Hey this may have been touched on or even beat up. I just wanted to give my experience this weekend. I was showing mybag to my boy scouting cousin. They uae mag sticks of which I'm not that impressed with. Maybe its the brand but mine burns way too fast to be effective for me. Anyhow I have lighterss and matches and bags of lint and a bottleof vaseline soaked cotton balls. The lint works ok and I lit it with flint but man I was impresed with how long a cotton ball burnns lit with flint. So last night I used a scent burner, heated up a tubof vseline and threw in some cotton balls. It worked great compared to doing it cold. The bals wil sink and then swish them around and pull out with a coat hanger. Just wanted to share that I was impressed with these. I don't think they should be an only go tobut if it was a little damp you get good longevity from one and they aren't too heavy.


----------



## ZoomZoom (Dec 18, 2009)

I too keep cotton balls coated in vaseline.
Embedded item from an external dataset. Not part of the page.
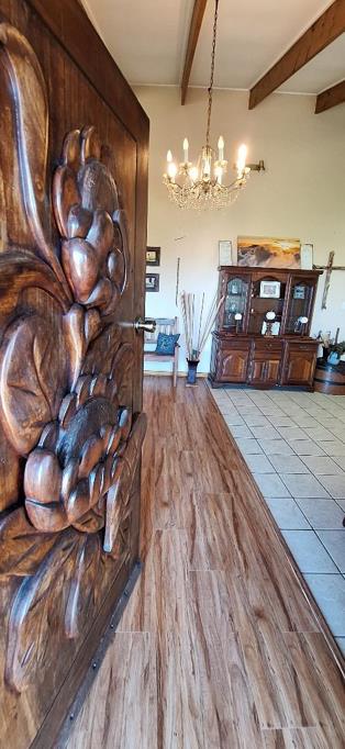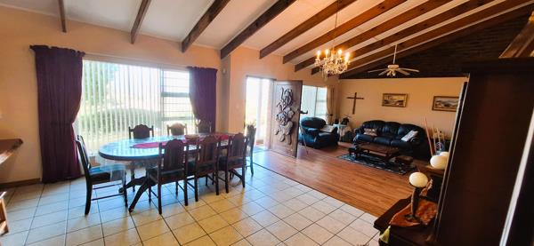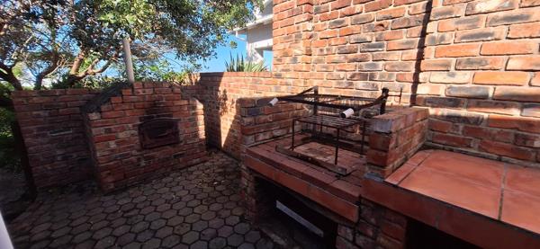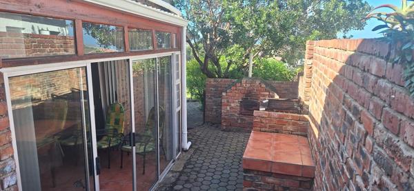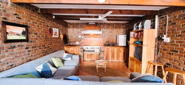 This inviting seaside residence features a beautifully handcrafted solid wooden door that opens into a spacious open-plan lounge and kitchen, complemented by a slightly separated built-in braai area. The high, open roof trusses enhance the sense of volume and space within the property. The kitchen is equipped with an abundance of solid wood cabinets, a breakfast nook, and a separate laundry area. The indoor braai and entertainment space includes sliding doors that lead outside to a cozy pizza oven, serving as the centerpiece for gatherings.

I don't see the need to melt the vaseline. I just swiped the cotton ball on the paste and all was well.

Here's another thing to consider. Hand sanitizer. That clear jel burns very nicely. It's basically jelled alcohol. I filled a tuna can about half full and lit it. It burned at 400 degrees for about 30 minutes. Be careful though. The flame is so clear that it's very difficult to see during the day.


----------



## neldarez (Apr 10, 2011)

greene said:


> Hey this may have been touched on or even beat up. I just wanted to give my experience this weekend. I was showing mybag to my boy scouting cousin. They uae mag sticks of which I'm not that impressed with. Maybe its the brand but mine burns way too fast to be effective for me. Anyhow I have lighterss and matches and bags of lint and a bottleof vaseline soaked cotton balls. The lint works ok and I lit it with flint but man I was impresed with how long a cotton ball burnns lit with flint. So last night I used a scent burner, heated up a tubof vseline and threw in some cotton balls. It worked great compared to doing it cold. The bals wil sink and then swish them around and pull out with a coat hanger. Just wanted to share that I was impressed with these. I don't think they should be an only go tobut if it was a little damp you get good longevity from one and they aren't too heavy.
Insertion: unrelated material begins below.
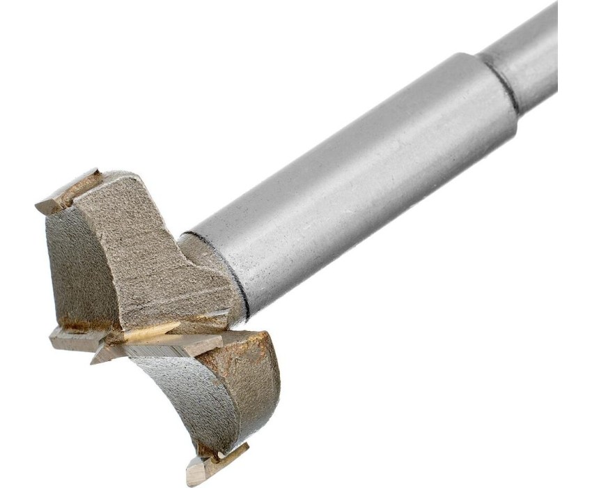 Сверло Форстнера по дереву Сибртех 704832 с цилиндрическим хвостовиком, используется для получения глухих отверстий диаметром 32 мм в древесине, ДСП, ДВП и других материалах. Благодаря продуманной конструкции инструмента стенки и дно отверстий получаются ровными и гладкими. Сверло применяют для производства мебели, а также отделочных работ.ПреимуществаСверло изготовлено из стали 45, поэтому устойчиво к механическим нагрузкам.Благодаря твердосплавным пластинам из сплава ВК8 твердостью 86-92 HRC инструмент характеризуется высокой производительностью и продолжительным ресурсом работоспособности.Центрирующее острие удерживает сверло на заданной оси, что облегчает засверливание и позволяет получить ровное отверстие.

I put the cotton balls in container and drip some lamp oil on them, that's how we start our fires in the stove...makes it so easy, don't hardly need kindling cuz the cotton balls burn so long!


----------



## RoadRash (Sep 29, 2010)

Dryer lint works well for me, have to try the hand sanatizer tho>


----------



## Diego2112 (Aug 18, 2010)

I've been known to use 80 proof, as well as some stuff more than double that (if ya know what I mean) for getting a fire started.

Not GREAT, but as I've always got some in my freezer...
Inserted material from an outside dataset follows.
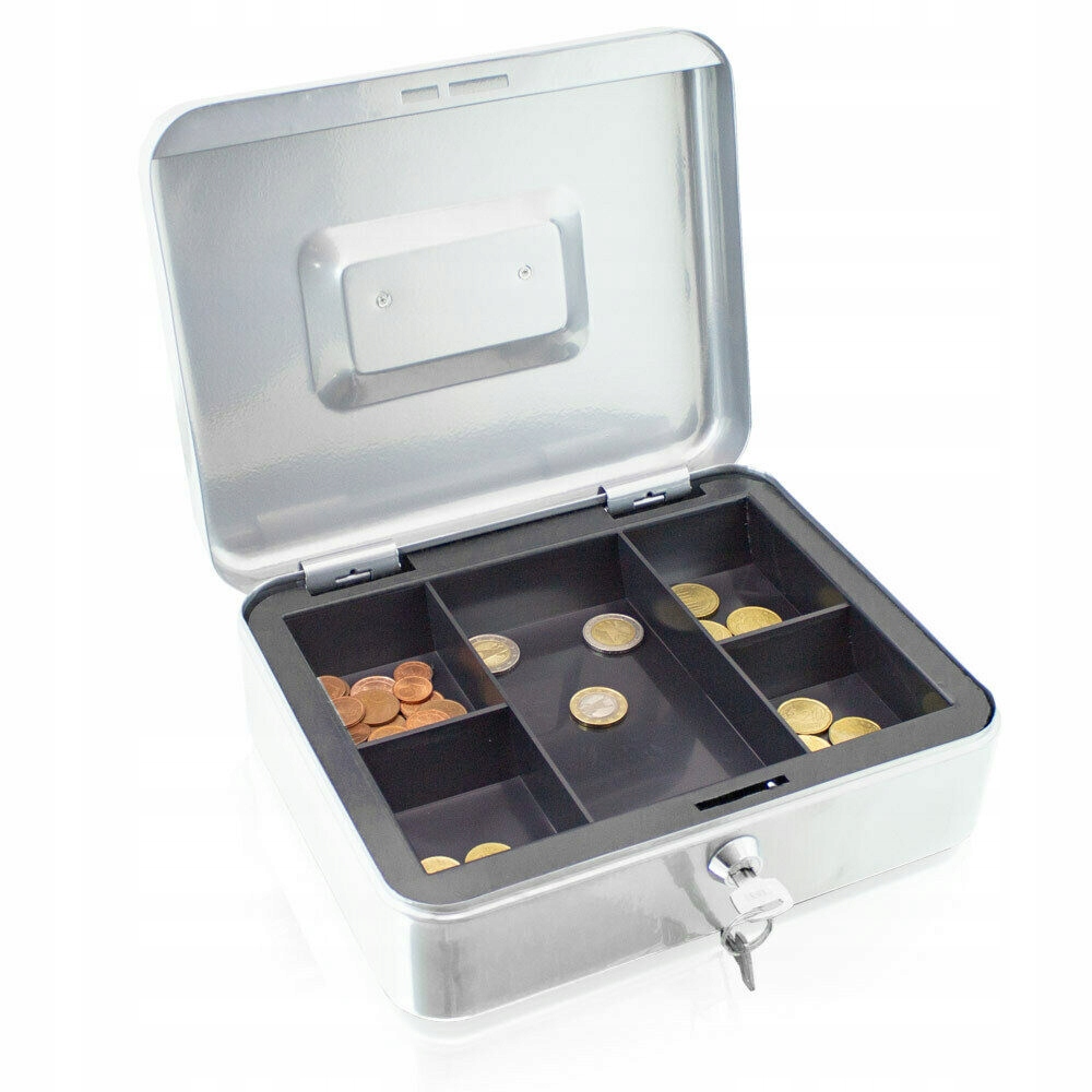 Сірий касовий ящик - гарне рішення для транспортування грошей і сезонних робіт, наприклад, як касовий апарат або гаманець. Оснащений міцним циліндричним замком, який ефективно захищає вміст від несанкціонованого доступу. Має додатковий вкладиш для монет ЄВРО. Сейф впишеться в будь-яке приміщення, а його кути надійно закруглені. Ручка дозволяє швидко транспортувати, яка ховається глибоко у верхній частині кришки. Коробка пофарбована порошковою фарбою, а її вставка виготовлена з міцного пластику.

Also once watched Les Stroud soak some seat cushion foam in a gas tank, said although the liquid would evaporate, it would still ignite fine. I've never actually tested it, but hey, it's Les-he GENERALLY knows what he's on about. Mostly.

Sometimes.

Yeah...

Dyer lint works wonders if you need a quick start, as does my PERSONAL favorite, 9V and Steel Wool.

Please tell me I'm not the ONLY one who manages to get shocked? :eyebulge:


----------



## fondini (Mar 18, 2012)

I take poop ticket rolls and stuff them with dryer lint and Vaseline cotton balls seal the ends with candle wax. Burn about fifteen minutes or more, long enough to get a good fire going.


----------



## Lake Windsong (Nov 27, 2009)

Ever been on a camping trip and used Frito's corn chips as a fire starter? Nice... 

Seriously, vaseline soaked cotton balls and egg carton lint starters are what we regularly use.


----------



## urbanprepper (May 15, 2012)

During Katrina and Wilma I used bags of doritos as fire starter (found cool ranch to work best) 

All these years later, I'd rather carry some cotton balls than a bag of doritos, but found it pretty interesting either way


----------



## greene (Mar 23, 2012)

Well I thought heating up the Vaseline would soak the cotton better, which it does, however it actually sikhs our so well it makes it hard to get a flange going. The normal way of doing it doesn't pack then add right so the cotton starts and gets the Vaseline going. So my idea was a bad one, stick to the old way. Plus Grandma just so happened to have a dozen pill bottles she had laying around, a few huge ones, so I have plenty of containers now to stash.


----------



## testhop (Dec 20, 2009)

fondini said:


> I take poop ticket rolls and stuff them with dryer lint and Vaseline cotton balls seal the ends with candle wax. Burn about fifteen minutes or more, long enough to get a good fire going.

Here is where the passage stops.